CellCLI> alter alerthistory all
examinedBy='JC';
Alert 1_1 successfully altered
Alert 1_2 successfully altered
Alert 2 successfully altered
Alert 3 successfully altered
Alert 4 successfully altered
CellCLI> list alerthistory where
examinedBy='';

< notice it’s empty >

 

CellCLI>

 

In the first listing in this section, we notice that it shows several dozen alerts and alert conditions that are pre-delivered with Exadata.
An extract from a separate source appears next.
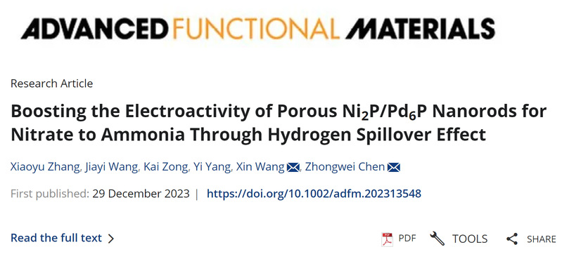 近日,碳中和研究院研究团队在国际顶级期刊Advanced Functional Materials发表题为《氢溢流效应促进多孔Ni2P/Pd6P纳米棒催化硝酸盐电还原合成氨性能》的研究论文。Advanced Functional Materials是材料科学领域顶级期刊,主要刊载纳米技术、材料物理及化学和生物材料等方面的突破性研究和综述文章,2023年影响因子为19.0。浙江万里学院为第一署名单位,陈忠伟、王新为通讯作者,碳中和研究院青年教师张晓雨为第一作者。

We can also create our own alert conditions as follows:

 

CellCLI> create threshold
ct_io_wt_lg_rq.interactive warning=1000,critical=2000,
comparison='>', occurrences=2, observation=5;
Threshold ct_io_wt_lg_rq.interactive
successfully created

CellCLI>

 

In this example, we’ve created an alert threshold for the CT_IO_WT_LG_RG metric for the INTERACTIVE category specifying the warning and critical thresholds above with a number of observations and occurrences of 5 and 2, respectively.

Summary

Monitoring Exadata with alerts provides the ability to show alert conditions for all components of your Exadata storage cell in which alert conditions have been configured. You can create your own custom thresholds using the “create threshold” cellcli command in order to tailor alerts to your business needs.